Recipe: Deep-Fried OreosBy Wade Kwon
Deep-Fried Oreos topped with powdered sugar
I love Oreos, but I made Deep-Fried Oreos for the first time. And they were spectacular. The creme filling alone makes it worth the effort.
The recipe from Food.com is basic. Most variations use some form of pancake batter. I used the Oreos on hand, a limited edition flavor called Marshmallow Crispy (a knockoff of Rice Krispie Treats).
Someday, I’ll use the original Oreo, but these will do for now.
- One 20-oz. package Oreos
- 2 cups Bisquick mix
- 2 eggs
- 1-1/2 cups milk
- 3 tsp. oil
- Vegetable oil (enough for deep frying)
Blend Bisquick, eggs, milk and 3 tsp. oil until smooth. Preheat deep fryer to about 375 degrees (use a thermometer if you wish to deep fry in a pan). Dip the cookies in the batter until totally covered and then place in the hot oil (cookies will float).

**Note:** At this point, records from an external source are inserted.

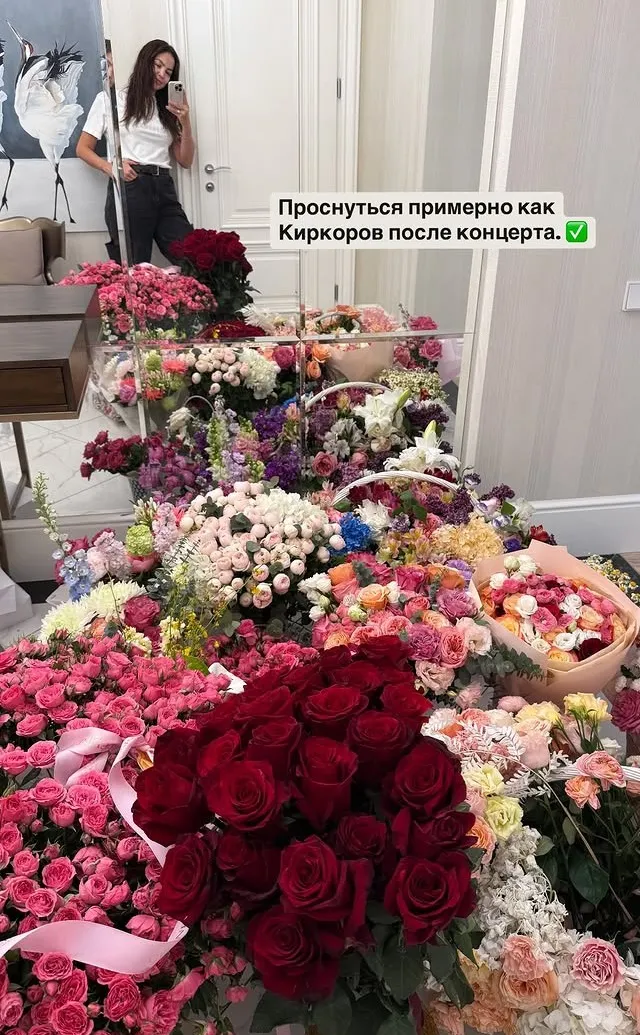 Фотография, где именинница позирует на фоне шикарных цветов, появилась в Instagram-Stories накануне, 7 мая 2025 года.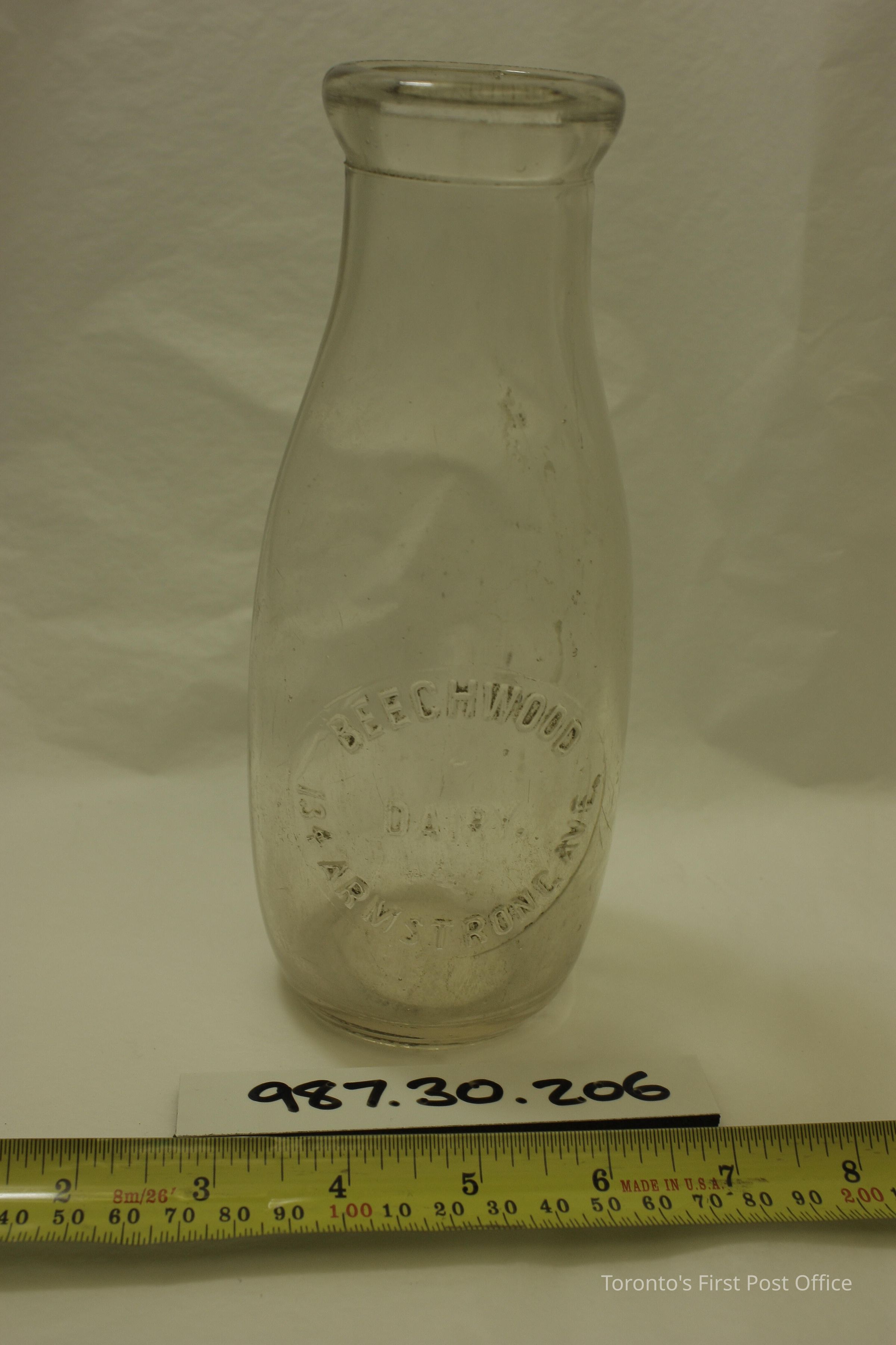 Bottle; for dairy; clear glass with rainbow spots and bubbles; raised inscription on main body in a circle "BEECHWOOD 2 DAIRY 134 ARMSTRONG AVE."; two seams running the length of bottle; circa 1930.Dimensions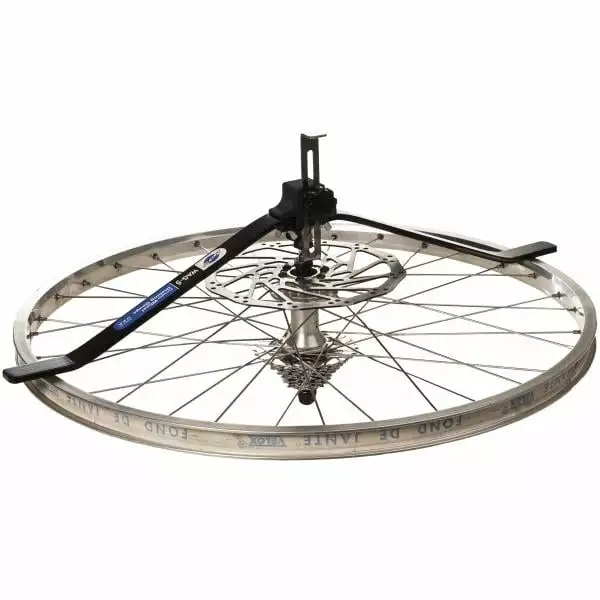 Le comparateur d’alignement de roues PARK TOOL WAG-5 permet de vérifier le déport correct des roues de 24 à 29 pouces.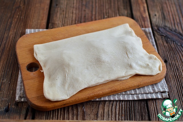 У меня 2 пласта прямоугольного теста. Каждый пласт нужно раскатать по-тоньше.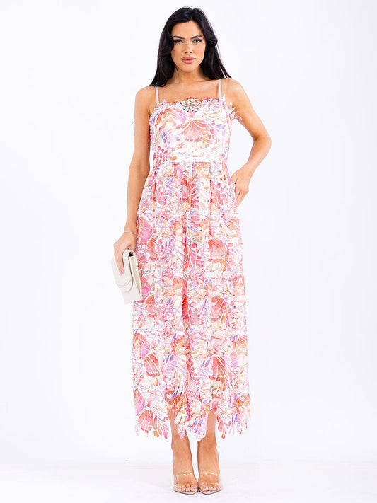 Vestido rosado maxi floral detallado sin mangas para mujer.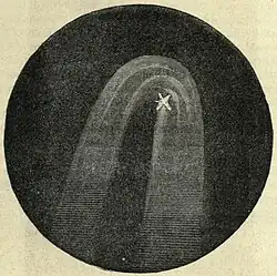 the bright jet had disappeared, giving place to a fan, of which the left-hand side was the brighter. A small star was seen through the coma, a, which the comet rapidly passed.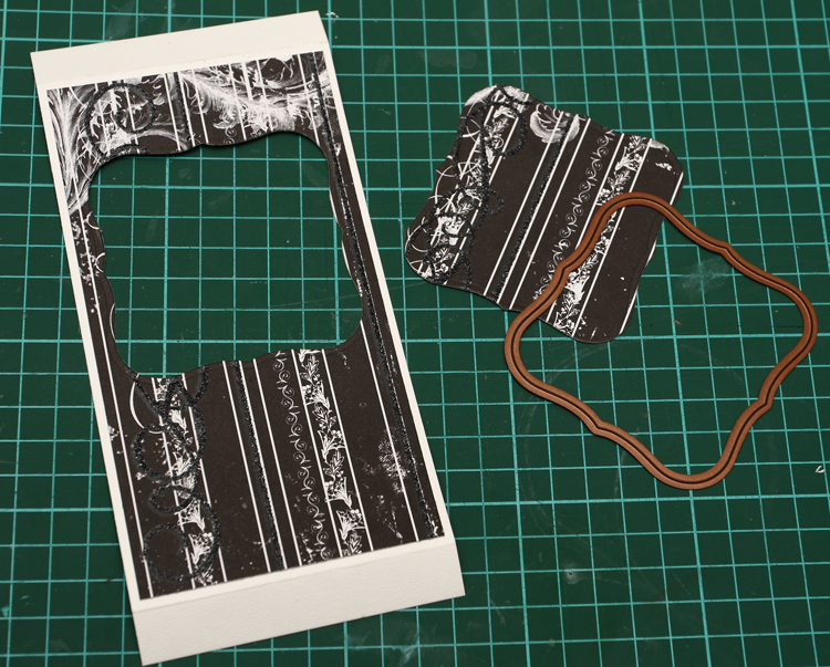 Дальше для оформления основной части открытки, т. е. того самого окошка за «ставнями», делаем две заготовки: одна - чуть меньше самой открытки, размером 11,5х16,5 см, другая будет как бы одеваться на первую, размером 9х19,5 см. Тут вторую деталь делаем больше по длине на 1,5 см с каждой стороны, чтобы эти «хвостики» затем одеть на первую заготовку. Бигуем «хвостики», украшаем обе заготовки скрап-бумагой. Для открытки я выбрала листы коллекции ENCHANTED от Bo Bonny, одной из любимейших мною, которая своими узорами мне напоминает новогодние.

Keep checking and turn over the cookie when bottom side of battered Oreo is brown, as it takes only a short time.
Remove cookies, dry on paper towels, and eat warm. Top with powdered sugar for a special touch.
Hint: Freeze the cookies to prevent sogginess during frying. Refrigerate batter so it will stick to cookies more readily.
Video: Frying the battered Oreos
Batter, after resting in the refrigerator overnight
Frozen Marshmallow Crispy Oreos, which unfortunately makes it
easier for the cookies to split from the creme filling.